_TASK MATERIAL_.
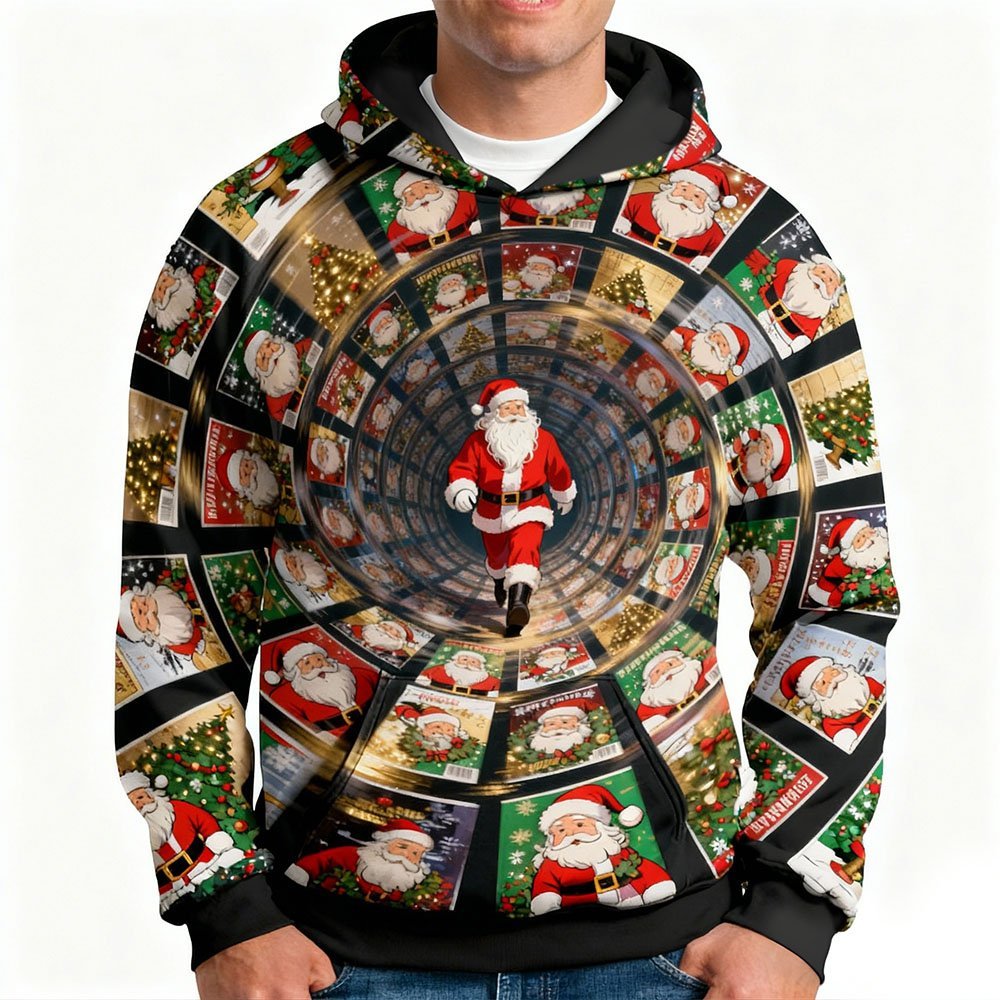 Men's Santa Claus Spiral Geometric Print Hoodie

--

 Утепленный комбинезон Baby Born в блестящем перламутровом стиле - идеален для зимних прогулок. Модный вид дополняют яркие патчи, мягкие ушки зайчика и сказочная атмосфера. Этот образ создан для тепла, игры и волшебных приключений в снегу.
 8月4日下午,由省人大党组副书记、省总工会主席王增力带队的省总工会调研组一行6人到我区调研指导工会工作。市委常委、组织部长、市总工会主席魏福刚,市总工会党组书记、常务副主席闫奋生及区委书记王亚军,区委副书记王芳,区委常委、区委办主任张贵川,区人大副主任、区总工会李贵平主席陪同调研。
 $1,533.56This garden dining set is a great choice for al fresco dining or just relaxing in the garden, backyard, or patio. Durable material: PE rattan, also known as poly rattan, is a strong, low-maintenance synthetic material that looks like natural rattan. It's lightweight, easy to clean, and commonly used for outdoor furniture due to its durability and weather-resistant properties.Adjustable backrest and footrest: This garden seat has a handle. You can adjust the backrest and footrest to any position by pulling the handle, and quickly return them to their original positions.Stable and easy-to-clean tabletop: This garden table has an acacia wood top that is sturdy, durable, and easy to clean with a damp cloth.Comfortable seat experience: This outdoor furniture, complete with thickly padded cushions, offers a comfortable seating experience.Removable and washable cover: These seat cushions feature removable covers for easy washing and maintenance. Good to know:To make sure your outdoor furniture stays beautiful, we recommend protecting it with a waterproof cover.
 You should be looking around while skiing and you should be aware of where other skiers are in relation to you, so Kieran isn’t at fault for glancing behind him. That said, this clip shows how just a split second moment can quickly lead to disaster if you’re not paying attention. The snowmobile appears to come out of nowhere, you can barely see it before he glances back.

_ABOUT THIS TASK_.
Your answer should consist of the lines from the line with "8月4日下午,由省人大党组副" to the line with "You should be looking" above, repeated exactly, both ends included.

_RESULT OF THE TASK_.
 8月4日下午,由省人大党组副书记、省总工会主席王增力带队的省总工会调研组一行6人到我区调研指导工会工作。市委常委、组织部长、市总工会主席魏福刚,市总工会党组书记、常务副主席闫奋生及区委书记王亚军,区委副书记王芳,区委常委、区委办主任张贵川,区人大副主任、区总工会李贵平主席陪同调研。
 $1,533.56This garden dining set is a great choice for al fresco dining or just relaxing in the garden, backyard, or patio. Durable material: PE rattan, also known as poly rattan, is a strong, low-maintenance synthetic material that looks like natural rattan. It's lightweight, easy to clean, and commonly used for outdoor furniture due to its durability and weather-resistant properties.Adjustable backrest and footrest: This garden seat has a handle. You can adjust the backrest and footrest to any position by pulling the handle, and quickly return them to their original positions.Stable and easy-to-clean tabletop: This garden table has an acacia wood top that is sturdy, durable, and easy to clean with a damp cloth.Comfortable seat experience: This outdoor furniture, complete with thickly padded cushions, offers a comfortable seating experience.Removable and washable cover: These seat cushions feature removable covers for easy washing and maintenance. Good to know:To make sure your outdoor furniture stays beautiful, we recommend protecting it with a waterproof cover.
 You should be looking around while skiing and you should be aware of where other skiers are in relation to you, so Kieran isn’t at fault for glancing behind him. That said, this clip shows how just a split second moment can quickly lead to disaster if you’re not paying attention. The snowmobile appears to come out of nowhere, you can barely see it before he glances back.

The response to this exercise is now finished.